21st February 1949 - 21st March 1949: Bombay Progressives Artists Group: Exhibition of Paintings & Sculptures by K.H. Ara, S.N. Bakre, M.F.Husain, F.N. Souza, H.A. Gade & S.H. Raza at Baroda State Picture Gallery, (Baroda, India). The competitive exhibition for the 1950 French Scholarship which S.H. Raza was awarded was held at the Calcutta Government Art School, in which the artworks by H.A. Gade, Ramkumar, Amina Ahmed, S.N. Butt, A. Paidaraju, K.S. Kulkarni, Vidya Bhusan, among others were included.
Scholarship from French Government, Ecole Nationale Superieure des Beaux-Arts, Paris, France. 13th to 19th Sept. 1950 Last Exhibition at the Charles Petras Institute of Foreign Languages, Bombay, of approx. 80 paintings (ExC. illustrates only 44), displaying works from the 1943-1950 period, before leaving for France. Exhibition closes on 19th Sept., and Raza leaves on 21st Sept. 1950 for Marseilles, thereafter to Paris by train, reaching on 3rd October 1950. “In his farewell exhibition in Bombay, organized by the Institute of Foreign Languages, were to be seen one or two paintings which anticipated this turn to clarity and order after the emotional upheaval of the expressionist phase. There began to appear now out of his studio, after long and arduous work, a new type of landscape. Stylised houses, towers, spires meticulously assembled in paintings where they lived their own mysterious life. They did not seem to belong to any age of man…Over these works Raza had taken infinite pains. Each shape was carefully related to another, weighed, balanced till it had found its place in the composition which would appear as unshakeable. Colour had undergone the most intricate studies to be able to express the finest overtones of a poetic situation… They were as austere and as sensitive as the landscape backgrounds in the paintings of the Sienese primitives with their garlands of houses, walls and towers strung across the horizon.”

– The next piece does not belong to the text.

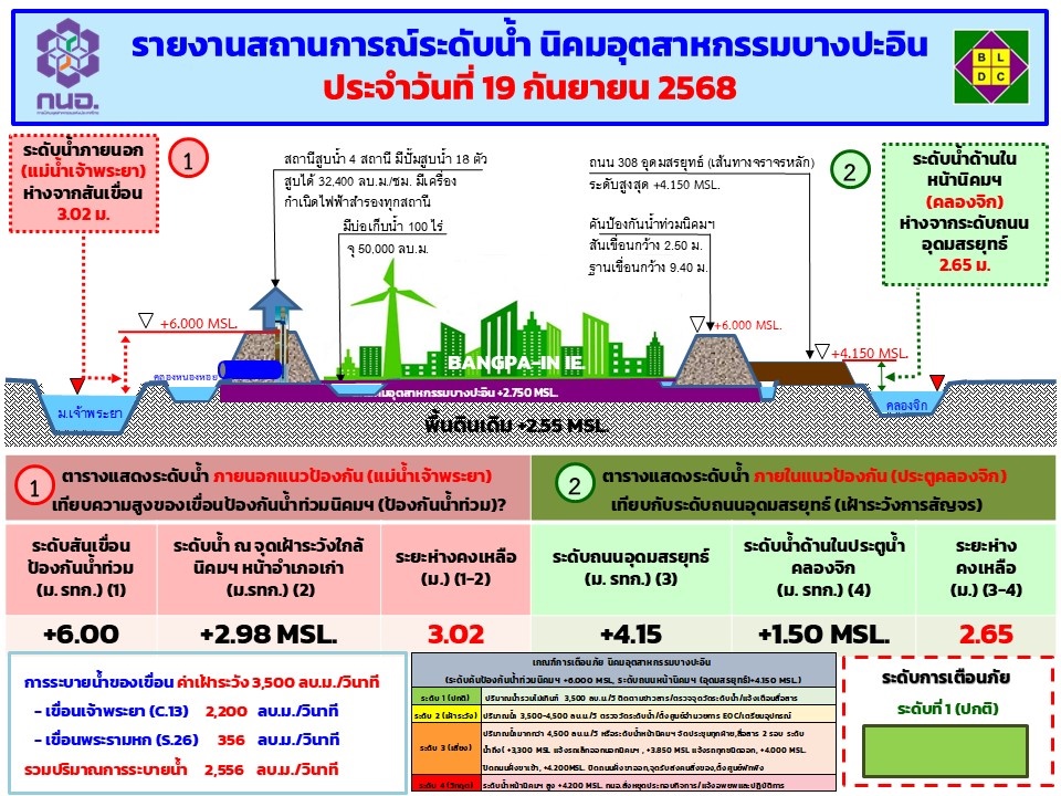 Chao Phraya water level at Bangpain Industrial Estate as at 19 September 2025

S.H. Raza's First International Group Exhibition, at Galerie Saint-Placide (Paris, France) with F.N. Newton and Akbar Padamsee. First Solo Exhibition in France at the Palais Carnoles, Menton, which at the time was under the Presidency of Henri Matisse, and over the next few years would exhibit many of the great modern masters from Picasso to Dali, Dufy to Sutherland.
Galerie Raymond Creuze Group Exhibition with F.N. Souza, S.H. Raza & Akbar Padamsee, Paris, France. Raza had by now taken to using oil paints as his main medium I he was still financially struggling, hence part-time work in designing book covers for a leading French publisher who represented writers such as Emile Zola and Edgar Allan Poe.
“The new phase which was to break in about 1953, was one of melting down and fusion. In the furnace of an entirely new passion for colour Raza's new style was born that was to bring to him international fame in a few short years. The gouache technique in tempera was to give way to impasto in oils. The change of medium and manner were not merely technical but signified a fundamental change of attitude. The scholar, who had measured and calculated, burst through the confines of limited understanding of colour and space-created-by-colour into a sphere of full realization. The transformation created such passion that one could best describe this age of Raza as the age of the Lover. This triumphant handling of paint, this living in paint can only be understood as an act of Love. His colours take on an entirely new complexion. Brilliant reds and yellows stand out against large looming forces of black and deep Prussian blue. Shapes dissolve in seas of colours which are by no means unorganized and fluid but seem to move and evolve within the space of his painting.”
20th September to 6th October 1955 Solo Exhibition at Galerie Lara Vincy, Paris, France, with a new contract with the Gallery, bringing a degree of financial stability with advances against monthly purchases of his art.
14th May to 5th June 1956 Galerie Lara Vincy, Paris, France July - Prix de la Critique d'Art awarded to S.H. Raza from a final selected list of 18, the first non-French artist to win the prestigous honour I the Awarding Jury of 14 Artists was presided over by Le Figaro art critic - M. Claude Roger Marx, Paris, France, among other members of the foreign press in France & Belgium. July to October 1956 Participated at the 28th Biennale Internazionnale d'Arte di Venezia, (Venice, Italy) with his major painting Ville Provencale (1956). October : Solo Exhibition at Galerie Saint-Placide, Paris, France I 6th to 31st December : Saint-Germian-des-Pres, vu par vingt peintures, Galerie Barbizon, Paris, France. Les Arts en France et dans Ie Monde, Musee d' Art Moderne, Paris, France.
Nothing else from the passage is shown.